### Data entries
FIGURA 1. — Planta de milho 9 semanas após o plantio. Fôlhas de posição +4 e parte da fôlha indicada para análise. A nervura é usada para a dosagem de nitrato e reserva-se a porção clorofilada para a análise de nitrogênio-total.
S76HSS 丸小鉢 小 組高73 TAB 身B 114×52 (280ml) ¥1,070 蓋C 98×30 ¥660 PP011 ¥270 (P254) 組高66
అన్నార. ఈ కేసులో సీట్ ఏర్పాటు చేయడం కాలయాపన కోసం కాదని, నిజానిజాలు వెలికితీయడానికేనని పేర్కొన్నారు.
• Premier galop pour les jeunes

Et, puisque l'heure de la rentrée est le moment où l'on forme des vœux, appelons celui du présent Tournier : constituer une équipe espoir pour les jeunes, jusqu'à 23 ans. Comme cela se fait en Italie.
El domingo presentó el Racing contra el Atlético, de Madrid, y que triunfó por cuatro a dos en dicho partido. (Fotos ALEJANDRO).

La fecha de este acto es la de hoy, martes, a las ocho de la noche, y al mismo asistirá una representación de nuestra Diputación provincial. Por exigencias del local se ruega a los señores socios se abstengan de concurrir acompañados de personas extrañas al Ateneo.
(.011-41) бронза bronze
==
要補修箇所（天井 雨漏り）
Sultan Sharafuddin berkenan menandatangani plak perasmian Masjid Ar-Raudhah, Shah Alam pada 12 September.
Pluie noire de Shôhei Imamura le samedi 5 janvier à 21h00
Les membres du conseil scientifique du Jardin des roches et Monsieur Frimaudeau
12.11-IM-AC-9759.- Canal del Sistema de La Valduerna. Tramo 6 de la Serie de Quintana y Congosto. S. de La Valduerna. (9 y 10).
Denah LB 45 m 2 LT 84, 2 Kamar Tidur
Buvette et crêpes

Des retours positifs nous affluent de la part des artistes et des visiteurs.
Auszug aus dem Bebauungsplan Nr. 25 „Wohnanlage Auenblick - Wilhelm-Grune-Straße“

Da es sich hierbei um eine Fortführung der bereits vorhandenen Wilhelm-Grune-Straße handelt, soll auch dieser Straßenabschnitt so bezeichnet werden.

### Assignment
Look for the word "jeunes" in the data, then return every line that contains it.

### Result
• Premier galop pour les jeunes
Et, puisque l'heure de la rentrée est le moment où l'on forme des vœux, appelons celui du présent Tournier : constituer une équipe espoir pour les jeunes, jusqu'à 23 ans. Comme cela se fait en Italie.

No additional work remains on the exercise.